PROMPT –
Copy the lines below exactly. No picture goes into the copy.

Source records –

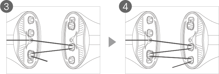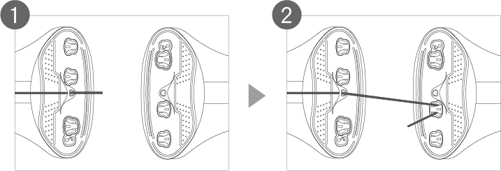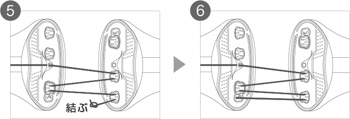中央の穴にストリングを通し、反対側の取付穴に通します。
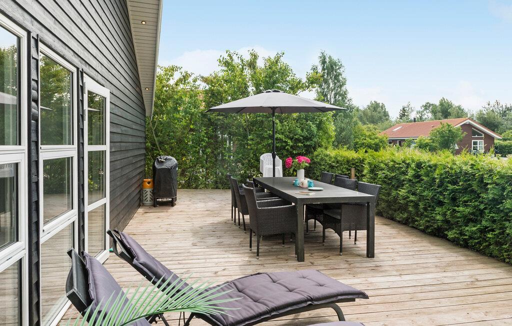 Udendørs finder I en stor træterrasse med havemøbler og grill, hvor I let kan samle familien til hyggelige grillmiddage på de lune sommeraftener. Familiens yngste medlemmer vil elske haven, hvor de kan få mange timer til at gå, her er nemlig både gyngestativ, sandkasse og masser af plads til leg og spil.
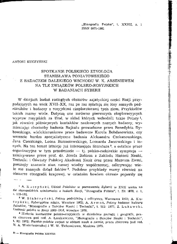 Spotkanie polskiego etnologa Stanisława Poniatowskiego z badaczem Dalekiego Wschodu W. K. Arseniewem na tle związków polsko-rosyjskich w badaniach Syberii / ETNOGRAFIA POLSKA 1983 t.27 z.1
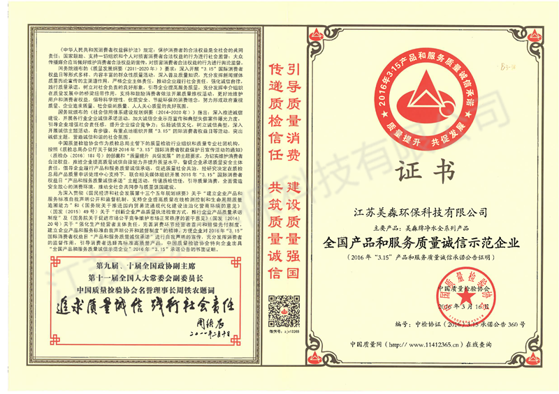 2016年全國產品和服務質量誠信示范企業-凈水全系列產品
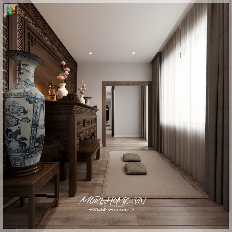 Theo quan niệm phong thủy, đặt bàn thờ theo hướng ra cửa sẽ thoát khí tốt như vậy sẽ không mang may mắn cho gia chủ nhưng bị giới hạn về diện tích phòng thờ không cho phép đã được che rèm hai bên phía trước.
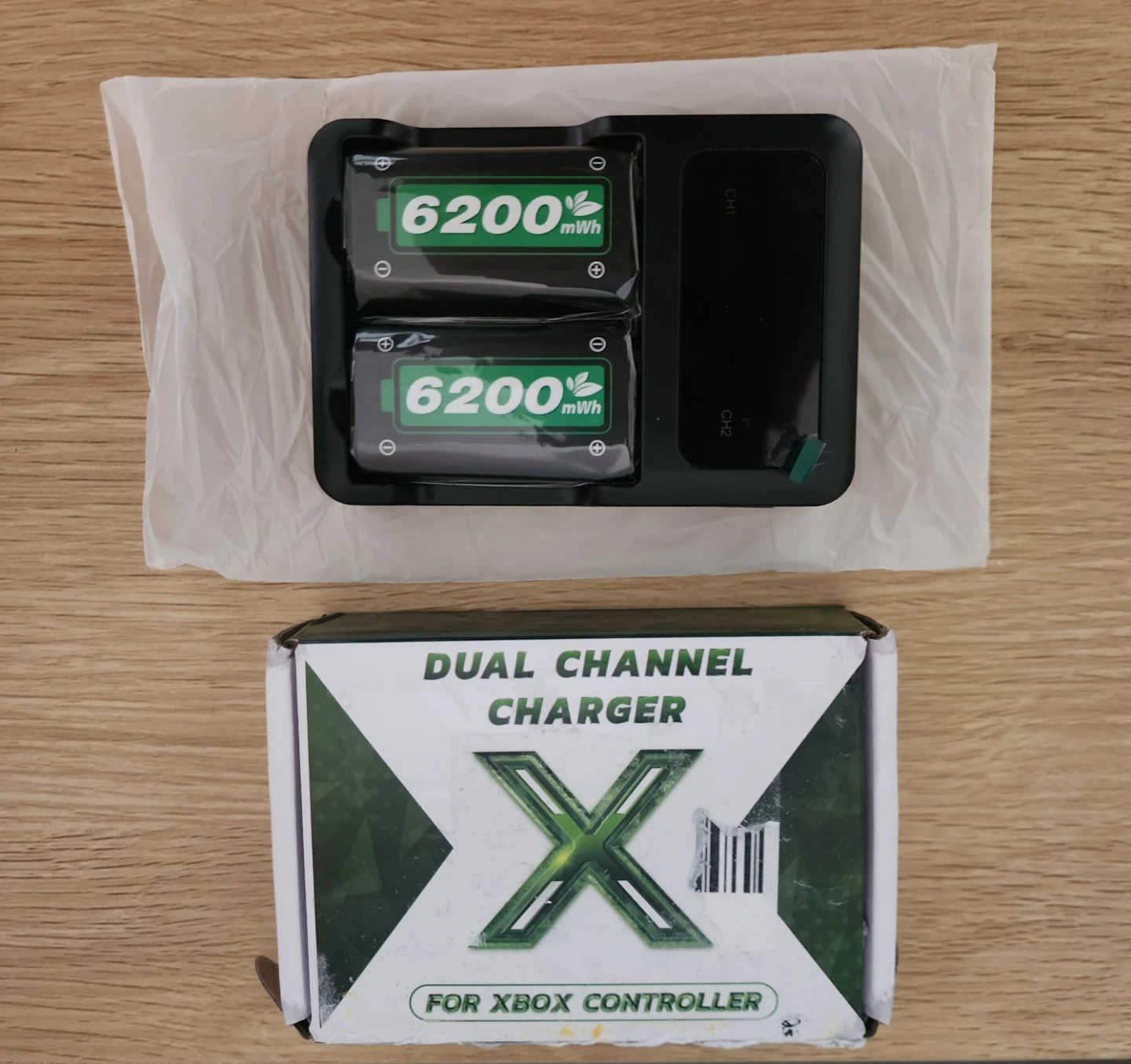 Dual channel charger for Xbox controllers. Includes two 6200mAh rechargeable batteries. Features overcurrent, short circuit, over-temperature, and over-voltage protection. Input: DC 5V/2V. Output: DC 3.0V 500mA x2.
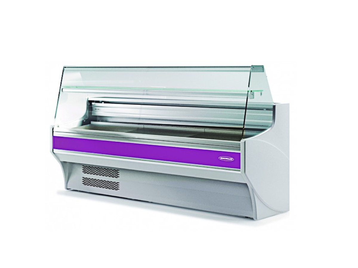 Vitrina Expositora Refrigerada VE-8-15-R de ColdQueen con para-golpes en la parte delantera.
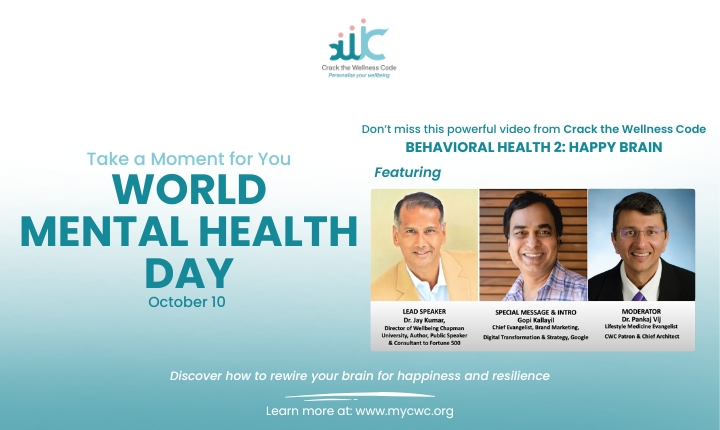 In this feature from Crack the Wellness Code, Dr. Jay Kumar (“The Happiness Professor”) and Gopi Kallayil (Chief Evangelist at Google) explore how the brain processes stress and joy and share evidence-based tools to cultivate

RESULT OF THIS TASK –
中央の穴にストリングを通し、反対側の取付穴に通します。
 Udendørs finder I en stor træterrasse med havemøbler og grill, hvor I let kan samle familien til hyggelige grillmiddage på de lune sommeraftener. Familiens yngste medlemmer vil elske haven, hvor de kan få mange timer til at gå, her er nemlig både gyngestativ, sandkasse og masser af plads til leg og spil.
 Spotkanie polskiego etnologa Stanisława Poniatowskiego z badaczem Dalekiego Wschodu W. K. Arseniewem na tle związków polsko-rosyjskich w badaniach Syberii / ETNOGRAFIA POLSKA 1983 t.27 z.1
 2016年全國產品和服務質量誠信示范企業-凈水全系列產品
 Theo quan niệm phong thủy, đặt bàn thờ theo hướng ra cửa sẽ thoát khí tốt như vậy sẽ không mang may mắn cho gia chủ nhưng bị giới hạn về diện tích phòng thờ không cho phép đã được che rèm hai bên phía trước.
 Dual channel charger for Xbox controllers. Includes two 6200mAh rechargeable batteries. Features overcurrent, short circuit, over-temperature, and over-voltage protection. Input: DC 5V/2V. Output: DC 3.0V 500mA x2.
 Vitrina Expositora Refrigerada VE-8-15-R de ColdQueen con para-golpes en la parte delantera.
 In this feature from Crack the Wellness Code, Dr. Jay Kumar (“The Happiness Professor”) and Gopi Kallayil (Chief Evangelist at Google) explore how the brain processes stress and joy and share evidence-based tools to cultivate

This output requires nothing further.